Blog challenge Day 3: Your parents

My parents were very young when they had me, and they were married because they were having me. Abortions were illegal, and they got money from their parents to go to a reliable doctor, but instead they went to an ice cream parlour. I guess I should be glad for otherwise I wouldn't have been here to tell the story.

They were still at university, and they lived with granny and grandpa because a young family could not get a home of their own at that time and in that country, and also because my granny took care of me, together with great-granny and a maid. My parents loved parties, and in summers they would go on exciting travels while I was left in the country with granny. I was brought up with hard rules and was often spanked by my mother. I was forced to eat up my porridge and the hateful beet soup. My mother sew my clothes, and although I now realise that they were really pretty, I hated them because they were different from everybody else's. My mother also used to punish me by not talking to me. She would pass me without looking at me or talking to me for weeks. Then suddenly she would be as usual.

Nonetheless I always admired my mother, and she was my role model. She gave me the right books to read and took me to museums and concerts. When she got her PhD at the age of 36, which was late by all standards, she said she expected me to beat her. I didn't, I also got my PhD at 36, but it was after two interrupted PhDs, so I hope she wasn't too disappointed.

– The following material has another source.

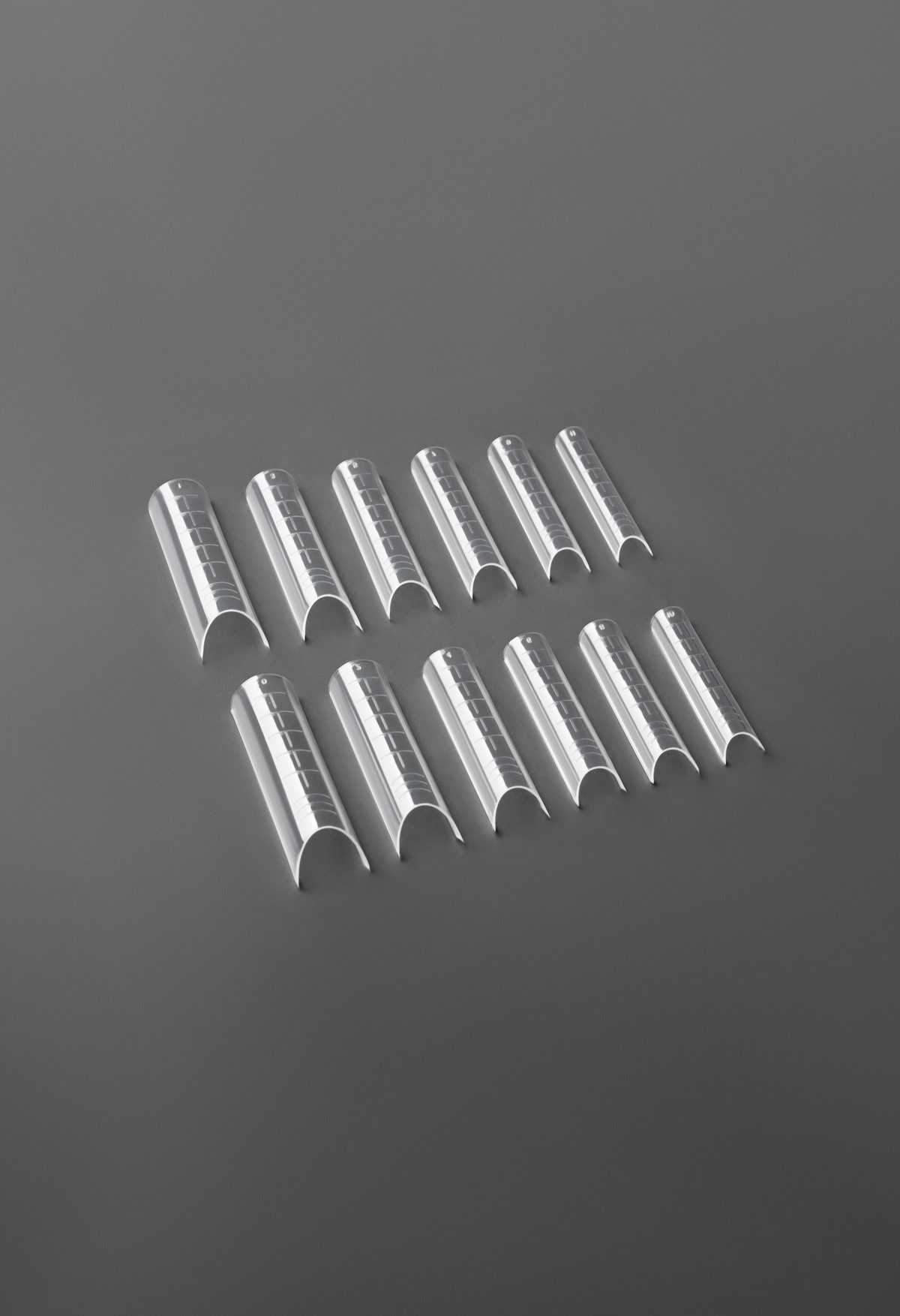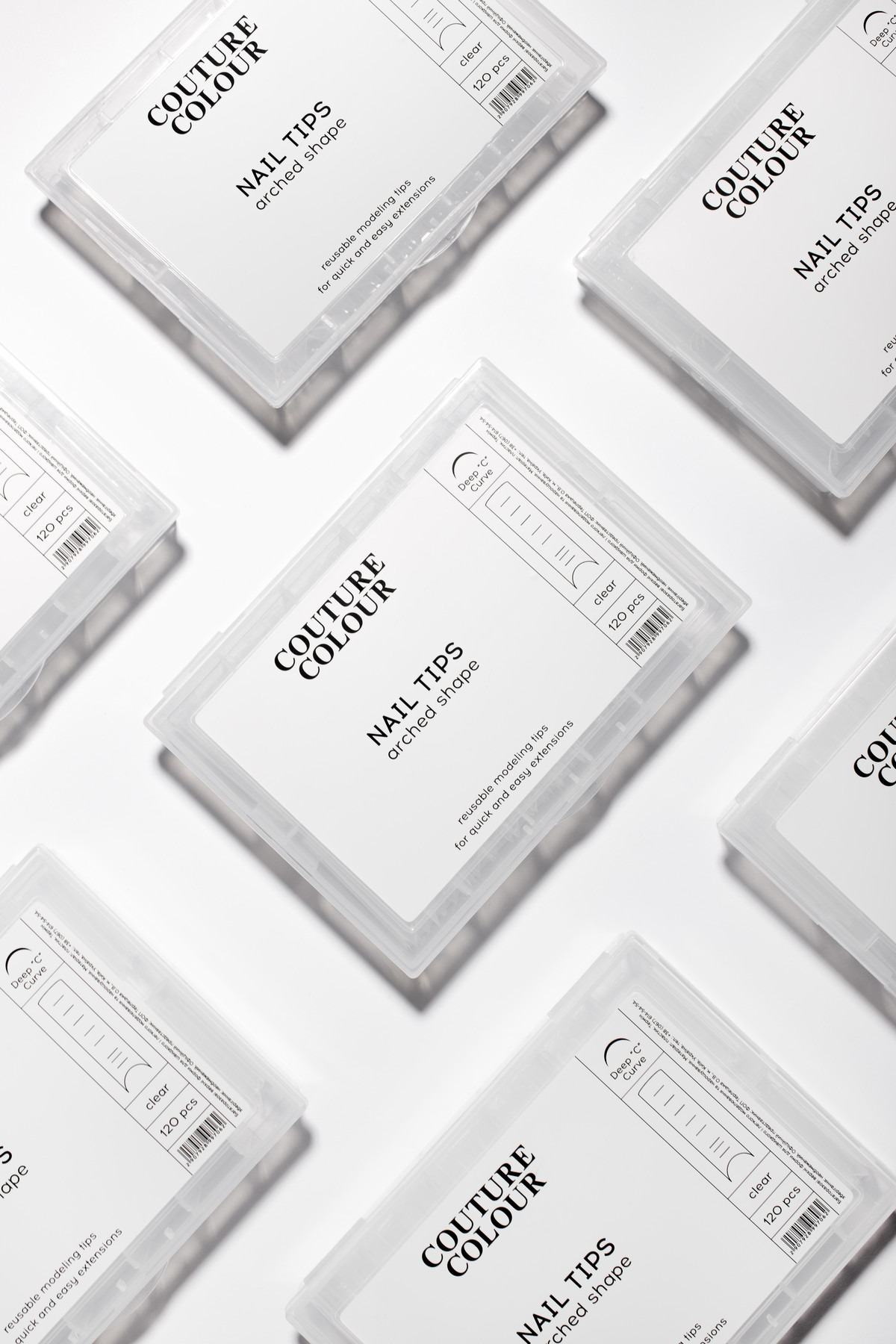 Couture Colour Nail Tips Arched Shape - це верхні арочні форми для нарощування нігтів за допомогою гелю, акригелю, акрилу. Використовуються в моделюванні нігтьових пластин з вираженою С-подібною аркою. Призначені для багаторазового застосування. Не мають контактної зони, можуть використовуватися для коротких нігтів. Не передбачають додаткового обпилювання, не вимагають підрізування в області стику з нігтьовою пластиною. Оснащені розміткою для контролю над розподілом матеріалу.

My father was a heavy drinker and a genius and lived in his ivory tower. When I was a teenager we spent our summers in an artists' colony in Karelia, and he and I would go fishing and mushroom picking. I would hear his music growing out of our walks. I was proud of him at performances. He was never angry with me, but he was detached. I only realised how much I loved him after it was too late.

When I started to have boyfriends, my mother developed the typical evil stepmother syndrome and ruined every relationship I had. I realised it many years later, but of course a daughter of marriageable age implied that she was over the hill while she was still young enough to be the prettiest of them all. It is hard to imagine not being loved by one's mother, and it took me years to get free of her deadly grip on me. Even now I sometimes feel that she can get at me if she cared enough. Luckily, she pretends I don't exist. Nobody has hurt me as much as she did, and yet I am grateful for everything she did for me. I am not like her, but almost everything I am is her doing. Despite and not because.


2 comments:

Unknown said...

Dear Maria,
I see you are referring to the USSR in your story. Do you now dear that now,in this 'democratic' society is even more impossible to get a flat for a family?
It WAS much easier at Soviet Times.
There were no homeless and jobless people then, unlike nowadays.
73% of people now want the USSR standards back, because all the capitalistic stuff which was brought here hurt 90% of the population severely!
You, obviously, left your Motherland and it is sad to see you scolding it.
Not good.

Maria Nikolajeva said...

I am not scolding my former country, just sharing experience. I have friends and relatives in Russia, and I have no illusions about what everyday life is like there now.